Ингхэм почувствовал, что Ина уклоняется в сторону от того, что действительно хотела сказать.
— Нет, он совсем не такой. К тому же он из очень приличной семьи.
— А это имеет значение?
— Моя милая, я не так давно знаю Андерса, и вполне вероятно, что через несколько дней никогда больше не увижу его.
— Тогда скажи мне, что на самом деле случилось с тем арабом… что он пытался сделать — хотел ограбить твое бунгало?
Ингхэм отвернулся от нее и отер рот салфеткой, служившей посудным полотенцем.
— Этого Фрэнсиса Адамса следовало бы гнать пинками до самого Коннектикута. Суется куда не надо, проклятый недоносок. Делать ему больше нечего.
Ина молча смотрела на него.
Вспыхнувший внутри Ингхэма гнев мешал ему говорить. Кто бы мог подумать, что эта дурацкая история встанет между ними, и это после того, как они справились с куда более серьезными проблемами — с Джоном Кастлвудом, с его разводом с Лоттой, который едва не сломал Ингхэма даже после того, как он уже встретил Ину, — они прошли через все, и вот теперь еще это! Ингхэм устал давать показания, произносить речи, защищаться. Он промолчал. Он понимал, что вопрос Ины звучал как ультиматум. Это все равно как если бы она напрямую сказала: «Я не выйду за тебя замуж, пока ты не скажешь мне, что случилось. Это правда, что ты убил того старого араба?» Ингхэм усмехнулся. Ну какое отношение имел ко всему этому старый Абдулла?
В этот вечер Ингхэм не стал подниматься в номер Ины. У себя в комнате он не мог заснуть. Но ему было все равно. Он встал и подогрел себе кофе. Иенсен заходил к ним около десяти, пожелал спокойной ночи и поднялся к себе наверх. Сейчас свет у него был погашен. Шел второй час ночи.
Ингхэм вытянулся на кровати. Что будет, если сказать ей правду? Совсем не обязательно, что она передаст все НОЖу. Одна мысль об этом выводила Ингхэма из себя.
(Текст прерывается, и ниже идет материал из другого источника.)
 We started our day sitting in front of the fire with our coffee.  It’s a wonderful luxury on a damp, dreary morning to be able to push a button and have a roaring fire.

Но разве он несколько дней тому назад не принял решение никогда ей об этом не говорить? Но если он промолчит, — а ведь она явно подозревает, что он убил человека, — то потеряет ее. Эта мысль привела Ингхэма в ужас. Представляя себя без Ины, он чувствовал, что теряет моральные принципы, свои амбиции и даже уважение к самому себе.
Ингхэм сел, обеспокоенный тем фактом, что если скажет правду Ине, то выставит себя перед нею лжецом, вравшим ей прямо в глаза столько дней. Хотя она не слишком верила ему, в противном случае давно перестала бы приставать с такими вопросами, однако он добился другого — превратил себя в труса и лгуна. Это была серьезная дилемма. Ингхэм мог сто раз повторять: «Ну при чем тут этот старый ублюдок?» — ничего не менялось.
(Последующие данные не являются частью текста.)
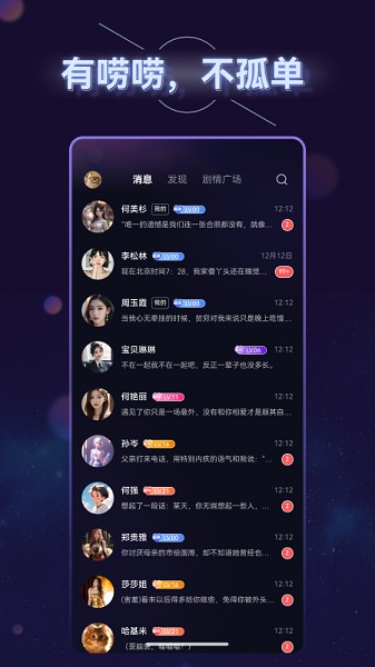你可亲手定制AI虚拟人物,无论是气质优雅的才女,还是率性洒脱的少年英雄,还是你一直想念的那个TA。通过「唠唠」轻松定制你的专属虚拟角色,从性格特点到情感表达,精细雕琢满足个性化需求。24/7全天候在线陪伴,让每个生活时刻都因他们而更具温度。

Или теперь уже поздно делать признание? Он страшно устал.
«Давай попробуй размышлять объективно», — сказал он сам себе. Он представил, будто видит себя в темном бунгало со стороны — испуганного звуком открывшейся двери (на самом деле он представлял на своем месте кого-то другого, совсем другого испуганного мужчину), разозленного и встревоженного предыдущим ограблением своего бунгало. Разве любой другой на его месте не запустил бы в грабителя первым, что попало бы ему под руку? Потом он представил себе живого араба, целого и невредимого, которого знали многие, и с точки зрения морали и закона не менее ценного человека, чем… президент Кеннеди. Ингхэм на девяносто процентов был уверен, что убил араба. Он пытался отделаться от этих мыслей или заглушить их, убеждал себя, что араб получил по заслугам и был совершенно пропащим. Но если предположить, что он убил негра или белого при тех же самых обстоятельствах в Штатах, закоренелого домушника например? Что было бы тогда? Ему пришлось бы за это отвечать. Состоялось бы недолгое судебное разбирательство или слушание дела, затем, скорее всего, оправдание в непредумышленном убийстве, но только не то, что здесь. Разве можно ожидать, что в Америке найдутся законопослушные граждане, способные спрятать труп и не заявить об этом в полицию?
Несмотря на то, что ему будет стыдно, он должен во всем признаться Ине, решил Ингхэм. Он расскажет ей о своем страхе, о ненависти, охватившей его в ту ночь. Он не станет оправдывать себя за то, что лгал. Ингхэм представил себе, как она будет поначалу шокирована, но потом все поймет и простит его, если только вообще ставила ему это в вину. Вполне возможно, подумал Ингхэм, что она ни в чем его не обвиняла, а просто желала знать всю правду.
Ингхэм зажег свет и закурил. Потом включил транзисторный приемник. Повертев ручку в поисках музыки, он наткнулся на баритон американца, вещавшего: «…мир для всех». Голос звучал вкрадчиво:
«Америка — это страна, которая всегда готова протянуть руку дружбы и доброй воли всем народам — любого цвета и вероисповедания, — руку помощи всем людям, которым она необходима, чтобы свергнуть угнетающие их силы, чтобы научить их помочь самим себе, помочь победить нищету…»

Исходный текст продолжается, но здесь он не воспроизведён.